Dr. Weitz:                        Let me just help people who don’t know what we’re talking about. Type 1 diabetics have to try to manage your blood sugar and part of that is, you try to match insulin to the amount of carbohydrates that you’re consuming. You’re using a certain amount of long-acting insulin to try to have some ability to control your blood sugar, but not too severely. Then you’re using a shorter-acting insulin that you’re trying to time with the amount of the carbohydrates that you’re consuming with that meal.  Correct?

Lyle Haugen:                   Correct. You nailed it. You nailed it. Much better explanation than I did. Thank you.

Dr. Weitz:                        Okay.

Lyle Haugen:                   When I took a total value of all the insulin I was consuming in a day, you’ve got 24 here, you’ve got some for this meal, some for that meal. We’re looking at like 50, 55 units a day. The standard diet that was always taught to every diabetic, and here’s the bad part, whether you’re type 2 or type 1, back in the 80s and 90s and into the 2000s was about 50 to 60% carbohydrate. That’s what killed my mother, because that came out in the early 70s when she got diagnosed, right?

Dr. Weitz:                         Right.

Lyle Haugen:                    Horrible. We didn’t know that, we rely on the professionals. I didn’t know.

Dr. Weitz:                         Right, and that was pretty much the story until pretty recently.

Lyle Haugen:                    Until very recently.

Dr. Weitz:                         With the Diabetes Association, right?

Lyle Haugen:                    Exactly, and they’re still a little reluctant to come out with it, because they’ve been on the wrong track for so long. It’s been horrible when, if you go back and you study a little of the history, they were on track right about the time they were discovering insulin, because they knew back then a ketogenic diet you could stay alive a little bit longer. Right?

Dr. Weitz:                         Correct.

Lyle Haugen:                    Not a whole bunch longer, but you could definitely get a little bit better. There was a few guys back in the 20s that worked in conjunction with insulin and still that same diet, because they weren’t sure how the insulin worked yet. Roll ahead to today, now we’re a lot smarter. The interesting thing is, in the area I was at, we had no internet. I didn’t have access to any of this stuff seven years ago.  Ironically, I stumbled on this on my own. I just went out to work one day, I had the new job. I was going to be gone for seven or eight days, running this unit 24 hours a day. This kind of the business of the job that I had, I needed to pack all my food. I just took that particular trip, everything that was energy dense. I took some pulled pork, I had some smoked salmon, I took a couple of things here and I left out all the bread, all the stuff that I would require short-acting insulin for.

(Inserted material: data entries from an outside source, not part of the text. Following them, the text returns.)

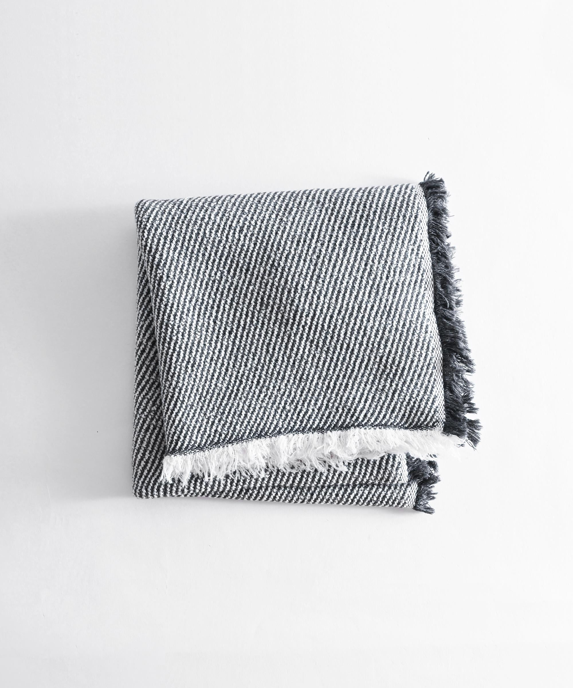 柔らかく弾力を持つ特殊な糸を使い、昔ながらの織機でゆっくりと手編みのような質感に仕上げました。
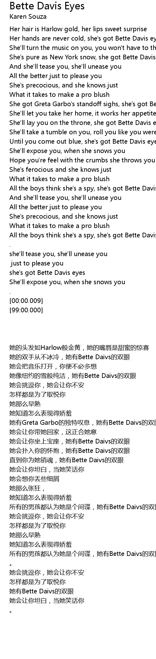 She got Greta Garbo's standoff sighs, she's got Bette Davis eyes |
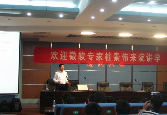 6月3日晚,微软C#方向MVP(微软全球最有价值专家)桂素伟老师应邀到我院,在学术报告厅为我院200余名师生作《Visual Studio亲密接触》的讲座。讲座由信息系工学办主任张辉主持。
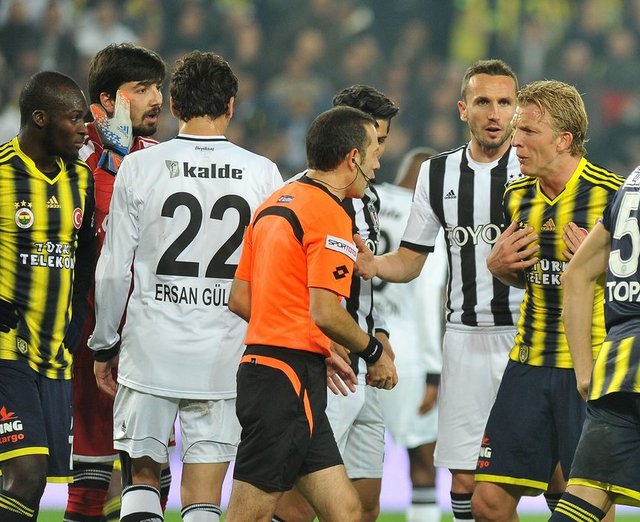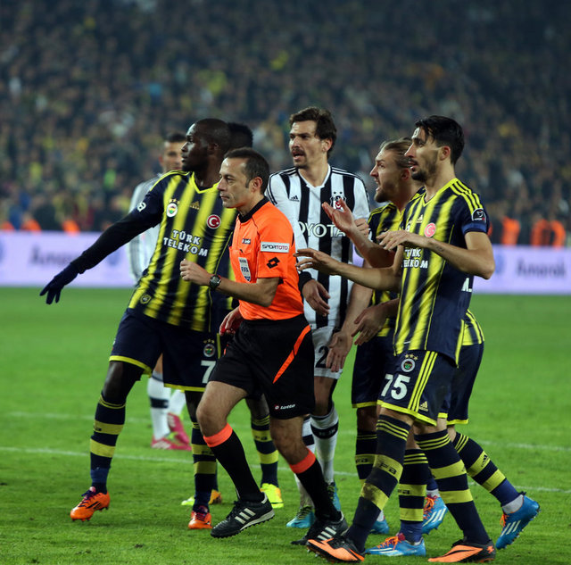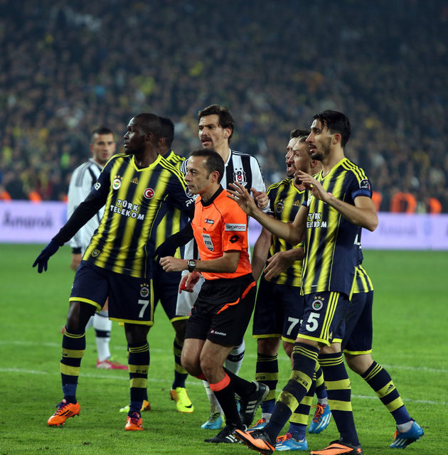 Fenerbahçeli futbolcular özellikle maçın ikinci yarısında hakem Cüneyt Çakır'a verdiği kararlar nedeniyle çok sayıda pozisyonda tepki gösterdi. İkinci yarıda öncesinde ofsayt veya faul olduğu gerekçe sayılmayan gollerle ilgili hakeme itirazlarda bulunan futbolcular, Beşiktaş ceza alanında oluşan çok sayıda pozisyon nedeniyle de Çakır'a tepki gösterdi. Karşılaşmanın ardından Fenerbahçeli futbolcuların bazıları saha içinde hakem üçlüsünün yanına gitti.
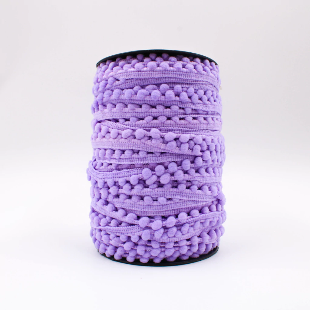 A Fita Pompom 12mm importada possui 5 MT. O Cliente pode solicitar a cor desejada. O item lilas possui um leve degrade e possui um tom de cor bem clarinho, puxado para um tom bem clarinho.
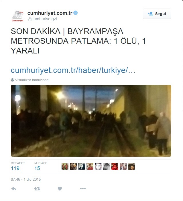 In una Istanbul sempre all’erta tra possibili minacce dell’Isis, il conflitto aperto con il Pkk curdo e le azioni isolate di gruppi estrema sinistra si teme subito un attentato. A esplodere è stato un ordigno artigianale lasciato lungo la strada. Secondo i primi rilievi degli investigatori un tubo bomba, riempito di materiale esplosivo per provocare una deflagrazione in grado di uccidere. Le schegge hanno distrutto i vetri di un treno di passaggio, costringendo all’evacuazione dei passeggeri e scatenando il panico nella zona, dove sono accorsi diversi mezzi delle ambulanze e dei vigili del fuoco. La metropolitana è stata chiusa per permettere i soccorsi e mettere in sicurezza la zona, mandando nel caos il traffico già intenso della metropoli sul Bosforo.
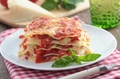 Інгредієнти:Листи для лазаньї - 230г;Ріпчаста цибуля - 2шт (200г);Куряче філе - 700-800г;Шампіньйони - 300г;Томатна паста - 150-200г;Петрушк

I just sat there out in the middle of nowhere, kids, don’t do this at home, because I had nobody around me to help me. Then, I just slowly started to jack up my background insulin. If you took an accumulation of my insulin at that 50 mark, I figured, well, at some point, if I take out that high peak with the carb, I can take some of that carb, jack up the oils over here, use a moderate amount of protein, because I already know if you take too much protein you’ll need insulin for it, because it breaks into carb too, right?

Dr. Weitz:                        Absolutely. Gluconeogenesis: the body will convert protein into carbs.

Lyle Haugen:                   And all diabetics are running the risk of a little bit of a kidney issue, so we shouldn’t over-protein ourselves anyways, so just stay at a moderate level. 20% is, I think, pretty good. It seems to be good for me. In doing that, you’re able to control the meal, so that gets into number two, which is talking about the diet program. You switch from a 60 whatever the heck it was, 5% fat, I think and 3 to 5% protein.  I don’t know, it was a weird diet. Now, what I am, a pretty much 60, 20, 20 as far as macros are concerned and that’s just fats to proteins to carbohydrates. But if you combine them right, then you can stretch that out, which means then you can raise up your basal insulin to the amount where you have a consistent amount exuding into the system. Example, I’d take 36, 37 units of Lantus a day instead of my previous 50 total.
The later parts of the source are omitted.